All of the data below is to be written out again exactly.

Available data:

+ + + +

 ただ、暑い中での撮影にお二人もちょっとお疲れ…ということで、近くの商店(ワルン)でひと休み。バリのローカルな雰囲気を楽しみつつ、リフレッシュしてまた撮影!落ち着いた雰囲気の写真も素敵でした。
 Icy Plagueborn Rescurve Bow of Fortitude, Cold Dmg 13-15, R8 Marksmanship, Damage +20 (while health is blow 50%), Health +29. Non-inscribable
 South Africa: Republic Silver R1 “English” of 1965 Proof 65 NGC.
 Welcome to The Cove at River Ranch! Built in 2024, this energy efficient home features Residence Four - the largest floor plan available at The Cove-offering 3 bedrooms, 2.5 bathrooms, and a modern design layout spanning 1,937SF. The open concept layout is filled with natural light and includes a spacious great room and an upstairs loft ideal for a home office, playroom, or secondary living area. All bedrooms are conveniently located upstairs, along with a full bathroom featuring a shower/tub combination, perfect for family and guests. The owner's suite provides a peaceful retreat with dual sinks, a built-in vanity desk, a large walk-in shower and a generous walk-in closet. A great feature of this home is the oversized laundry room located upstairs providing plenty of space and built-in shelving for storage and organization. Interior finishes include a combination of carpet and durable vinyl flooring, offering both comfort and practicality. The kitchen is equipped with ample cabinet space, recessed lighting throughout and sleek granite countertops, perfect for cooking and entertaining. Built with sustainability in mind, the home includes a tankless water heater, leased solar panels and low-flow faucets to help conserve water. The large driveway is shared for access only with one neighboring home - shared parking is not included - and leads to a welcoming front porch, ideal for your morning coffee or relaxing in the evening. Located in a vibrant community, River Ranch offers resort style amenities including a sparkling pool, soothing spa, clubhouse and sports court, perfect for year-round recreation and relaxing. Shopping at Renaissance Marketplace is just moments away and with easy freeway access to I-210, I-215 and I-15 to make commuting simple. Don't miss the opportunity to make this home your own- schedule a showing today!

+ + + +

Your solution:
 ただ、暑い中での撮影にお二人もちょっとお疲れ…ということで、近くの商店(ワルン)でひと休み。バリのローカルな雰囲気を楽しみつつ、リフレッシュしてまた撮影!落ち着いた雰囲気の写真も素敵でした。
 Icy Plagueborn Rescurve Bow of Fortitude, Cold Dmg 13-15, R8 Marksmanship, Damage +20 (while health is blow 50%), Health +29. Non-inscribable
 South Africa: Republic Silver R1 “English” of 1965 Proof 65 NGC.
 Welcome to The Cove at River Ranch! Built in 2024, this energy efficient home features Residence Four - the largest floor plan available at The Cove-offering 3 bedrooms, 2.5 bathrooms, and a modern design layout spanning 1,937SF. The open concept layout is filled with natural light and includes a spacious great room and an upstairs loft ideal for a home office, playroom, or secondary living area. All bedrooms are conveniently located upstairs, along with a full bathroom featuring a shower/tub combination, perfect for family and guests. The owner's suite provides a peaceful retreat with dual sinks, a built-in vanity desk, a large walk-in shower and a generous walk-in closet. A great feature of this home is the oversized laundry room located upstairs providing plenty of space and built-in shelving for storage and organization. Interior finishes include a combination of carpet and durable vinyl flooring, offering both comfort and practicality. The kitchen is equipped with ample cabinet space, recessed lighting throughout and sleek granite countertops, perfect for cooking and entertaining. Built with sustainability in mind, the home includes a tankless water heater, leased solar panels and low-flow faucets to help conserve water. The large driveway is shared for access only with one neighboring home - shared parking is not included - and leads to a welcoming front porch, ideal for your morning coffee or relaxing in the evening. Located in a vibrant community, River Ranch offers resort style amenities including a sparkling pool, soothing spa, clubhouse and sports court, perfect for year-round recreation and relaxing. Shopping at Renaissance Marketplace is just moments away and with easy freeway access to I-210, I-215 and I-15 to make commuting simple. Don't miss the opportunity to make this home your own- schedule a showing today!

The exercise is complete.